I would like to ask everyone whether the graduation thesis plagiarism check results on Xuexin.com are highly reliable?
The reliability of the plagiarism check results generated by Xuexin.com, specifically for graduation theses, is generally considered high within the Chinese academic context, but this assessment must be qualified by understanding the system's design, scope, and inherent limitations. As the official platform designated by China's Ministry of Education for managing higher education information, Xuexin.com integrates the academic misconduct detection system, which primarily compares submitted texts against a massive and proprietary database. This database is uniquely comprehensive for Chinese-language materials, encompassing published academic journals, domestic theses and dissertations, and a vast array of internet sources within China. Its institutional mandate and direct access to degree-granting institutions' thesis archives provide it with a coverage of Chinese academic output that is difficult for any other commercial service to match, making its detection of verbatim copying or significant duplication from these sources highly authoritative.

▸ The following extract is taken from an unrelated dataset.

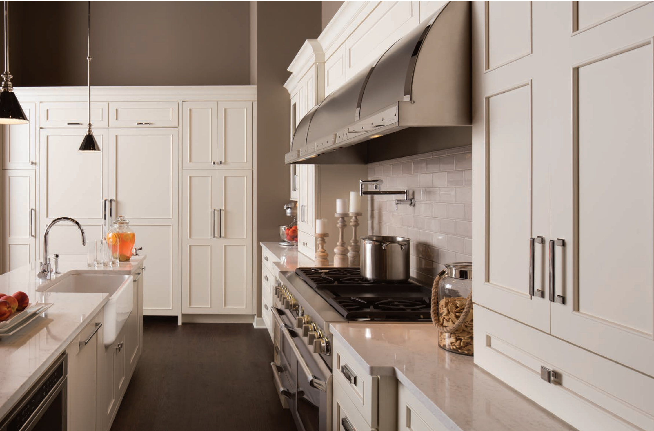
Crestwood Cabinetry shown in Silverton door style with "Classic White" paint. Island cabinetry with a Personal Paint Match finish.

However, the concept of "high reliability" is contingent on what one expects the system to detect. Its primary strength lies in identifying textual similarity, not necessarily sophisticated plagiarism involving paraphrasing, idea theft, or translation from foreign-language sources. The system's algorithms are tuned to flag matching strings of text, and its reported similarity percentage is a mechanical measure, not an intellectual judgment on academic integrity. A low similarity score does not automatically certify originality, just as a high score may include properly cited quotations or unavoidable technical terminology. Furthermore, the system's database, while extensive, may not be exhaustive for all disciplines, particularly for very recent publications or niche, non-digitized materials. Its effectiveness against sources outside its curated Chinese-language corpus, such as obscure foreign publications or paywalled international journals, is inherently limited.
The practical reliability for a student or institution depends critically on the interpretive framework applied to the raw report. The system provides a diagnostic tool, but the final determination of plagiarism is a human decision made by thesis advisors and academic committees, who must review the flagged passages in context. Different universities set their own acceptable similarity thresholds and have policies for handling flagged material, meaning the same report could be deemed a pass at one institution and require significant revision at another. Therefore, while the technical operation of Xuexin.com's check is robust and its database is the national standard, its functional reliability is a product of both its algorithmic output and the specific academic norms and rigorous human evaluation of the user's institution. It is a powerful and necessary control mechanism, but it is not an infallible arbiter of academic originality on its own.